Hopefully the the seas n sandmonsters have calmed down by then and the fishing/diving scene is the go again, will bring the the same setup as last trip with big kitchen and food/drinks storage.

I reckon the big snapper should be out in force on the outer reef if the weather permits, and am getting a serious itch to get back out off shore.

All welcome & wouldnt mind seeing a few of you Sydney yobbos turn up, we'll be there friday arvo late until sunday arvo late.

If it's calm it's gunna fire :wink:


----------



## Bart70 (Jan 28, 2007)

Hi Allan,

Like you I have been waiting a clear weather run....was down there last weekend but had to settle with fishing the Moruya river....decided to give it a miss completely this weekend.
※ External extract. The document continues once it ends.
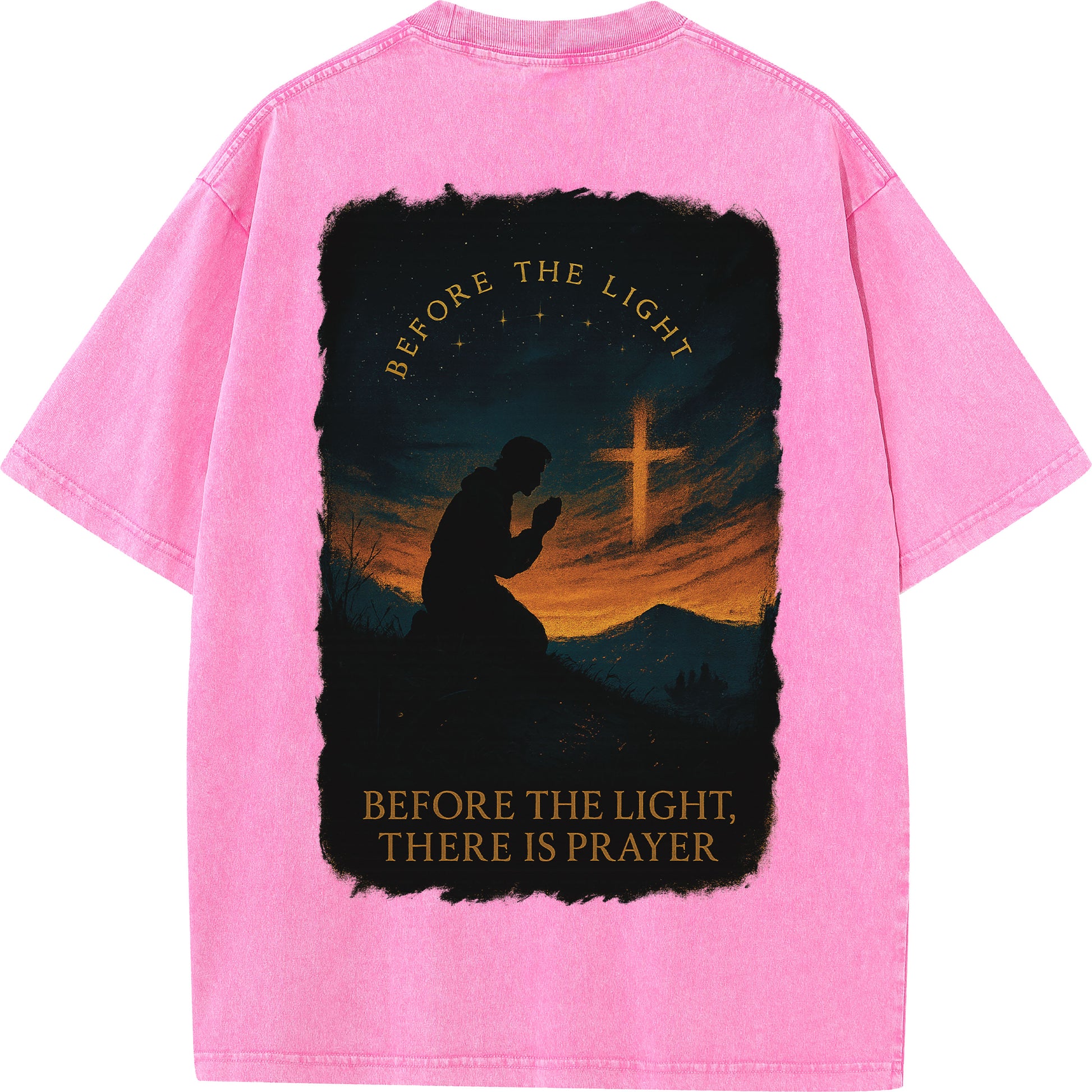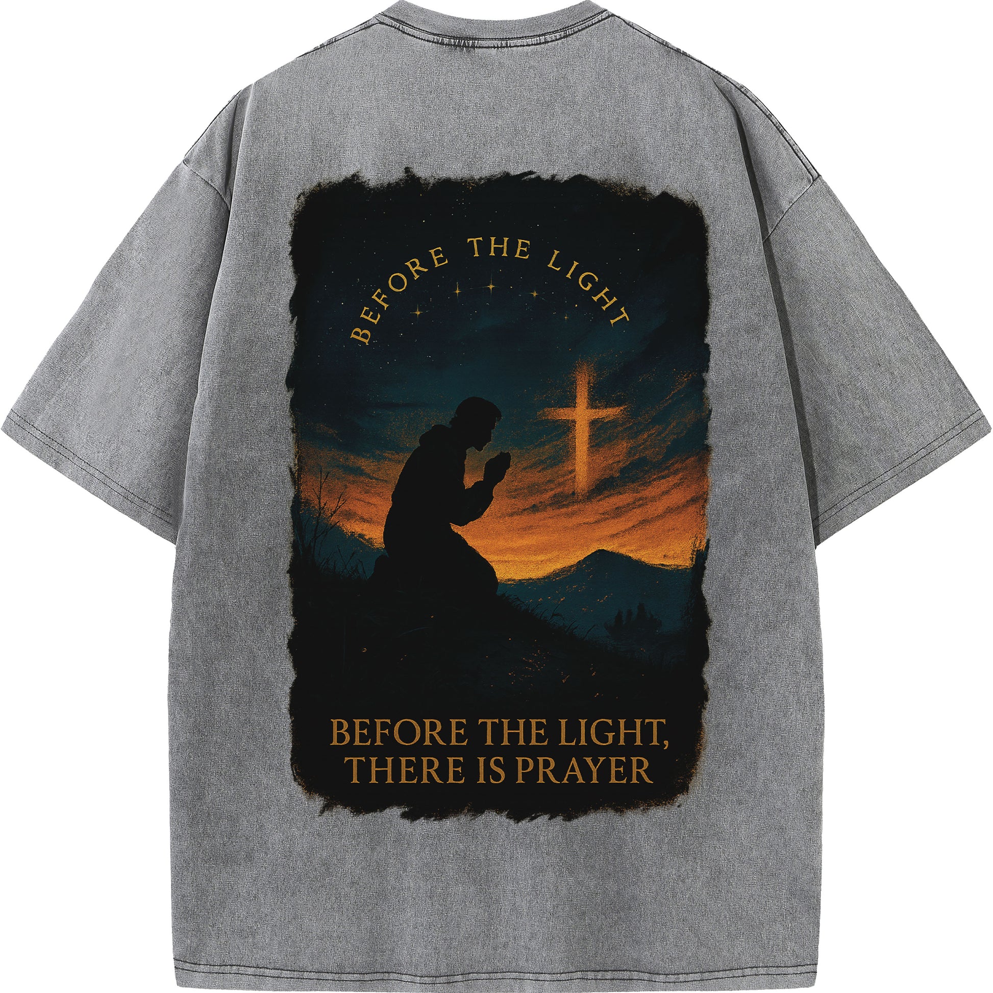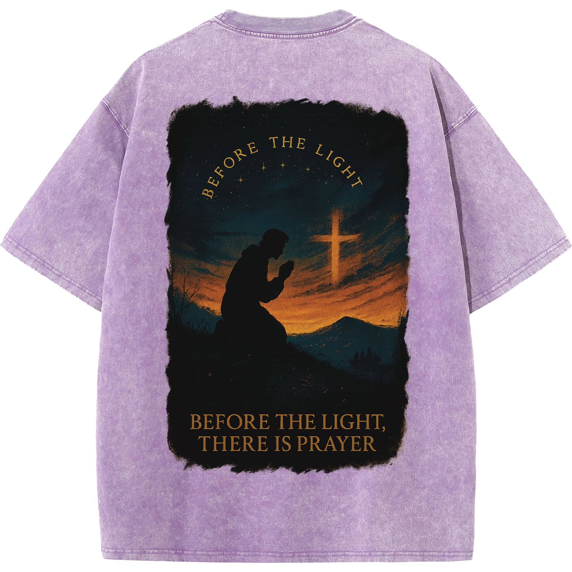 Embrace your faith in style with our "Before The Light, There Is Prayer" vintage washed tee. Featuring a powerful silhouette of a man in prayer beneath a glowing cross and a beautiful sunset sky, this shirt reminds us of the strength found in devotion. Made from premium cotton with a faded, stonewashed finish, it offers both comfort and timeless spiritual expression. Perfect for church gatherings, faith-based events, or everyday wear for those who walk with purpose.
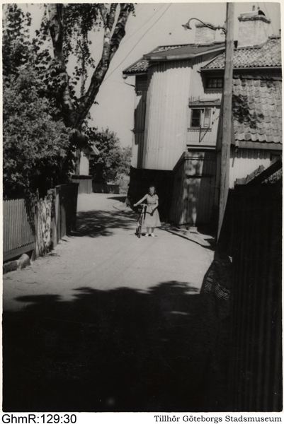 Hellstedtsgatan mot Amiralitetsgatan. Till höger syns liten del av Hellstedtsgatan 2 samt baksidan av huset Mariebergsgatan 15 A.

Next weekend may not be looking that good..although I have not checked how legitimate it is.....but the news tonight indicated that the '3rd' of these intense low pressure systems is set to form again by the middle of next week - further south than the current one.

By this I would think they are meaning well south of Sydney.....if this is the case there may be potential for even worse weather down around Batemans Bay and Moruya that we saw with the previous 2 systems.

Is a pain in the butt for those of us who want to chase fish in the open waters....

We just wanna get out and fish!.....

Bart70


----------